GOAL OF THE EXERCISE → Exactly the lines below starting at the line with "11、這里是現實磁盤目前狀態,剛才點了解鎖所以目前狀態解鎖狀態" and ending at the line with "Conecta con tu" are wanted, with both ends included. Leave out the pictures and add no other lines.

EXERCISE DATA →
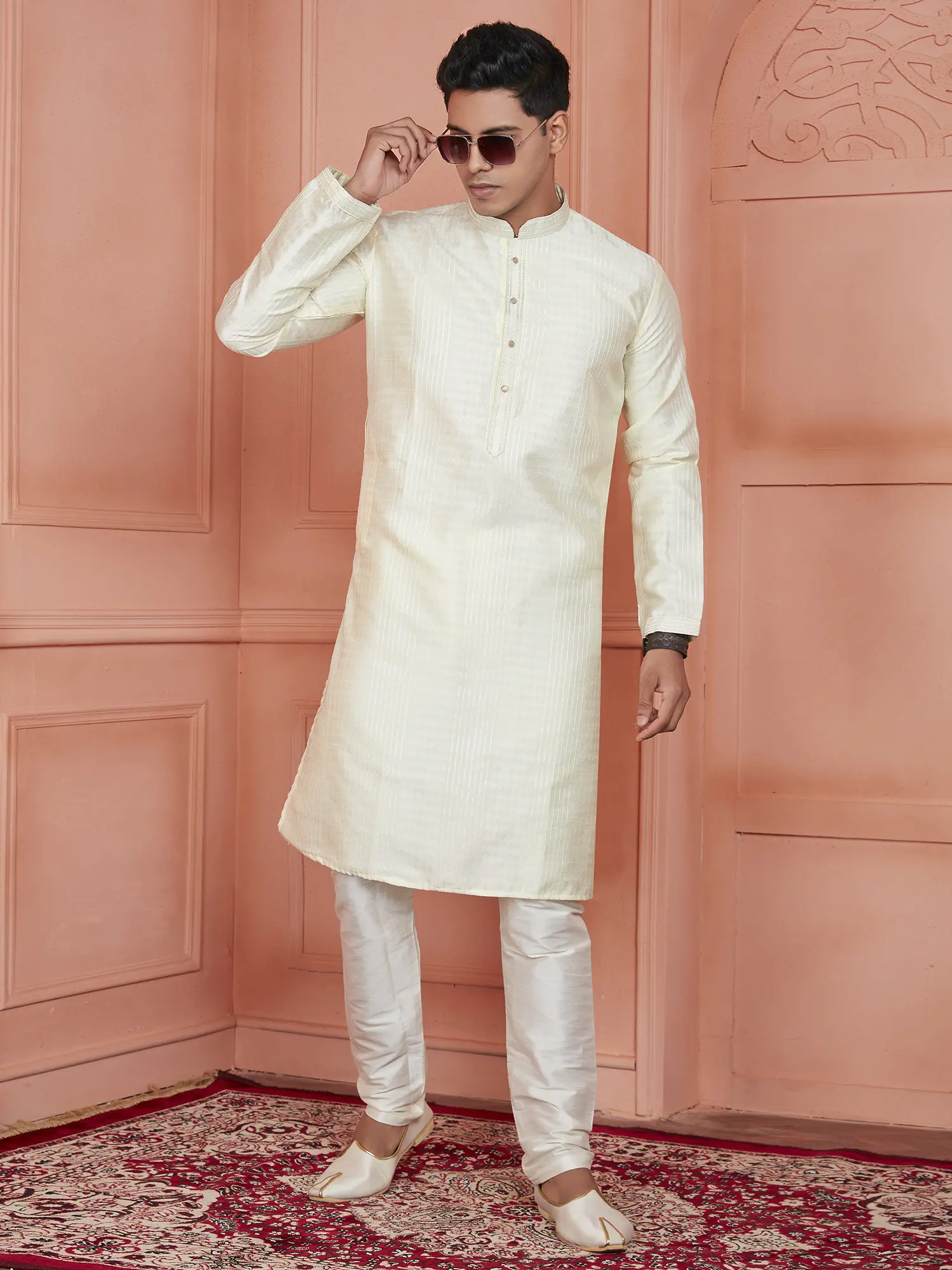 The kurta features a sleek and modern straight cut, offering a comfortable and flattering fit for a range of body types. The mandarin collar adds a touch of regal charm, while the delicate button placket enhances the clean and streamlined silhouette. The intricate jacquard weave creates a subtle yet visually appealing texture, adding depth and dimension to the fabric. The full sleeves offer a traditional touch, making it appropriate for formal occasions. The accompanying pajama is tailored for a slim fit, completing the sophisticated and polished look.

--

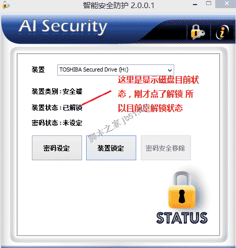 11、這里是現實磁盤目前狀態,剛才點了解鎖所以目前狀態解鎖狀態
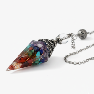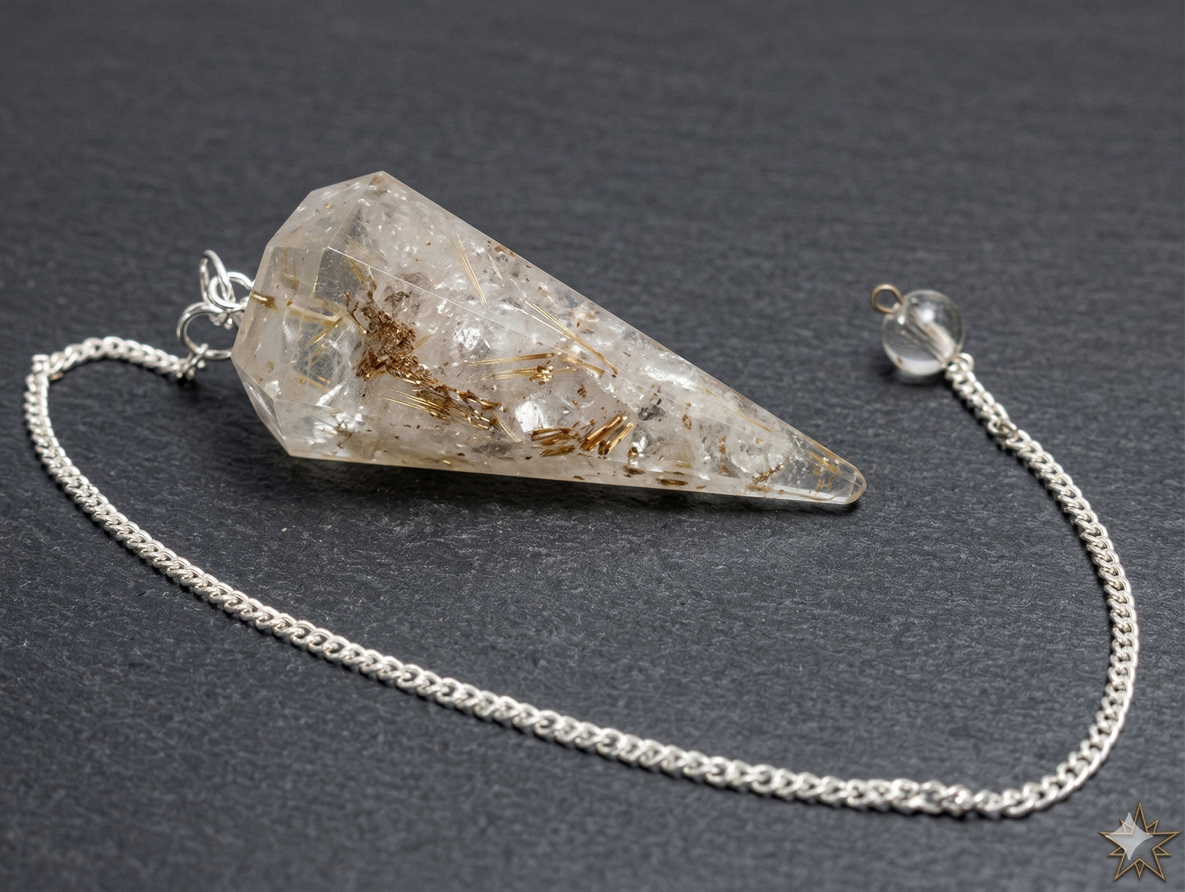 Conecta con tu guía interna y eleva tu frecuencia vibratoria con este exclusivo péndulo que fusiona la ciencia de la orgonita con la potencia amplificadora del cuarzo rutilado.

OUTPUT FOR THIS EXERCISE →
 11、這里是現實磁盤目前狀態,剛才點了解鎖所以目前狀態解鎖狀態
 Conecta con tu guía interna y eleva tu frecuencia vibratoria con este exclusivo péndulo que fusiona la ciencia de la orgonita con la potencia amplificadora del cuarzo rutilado.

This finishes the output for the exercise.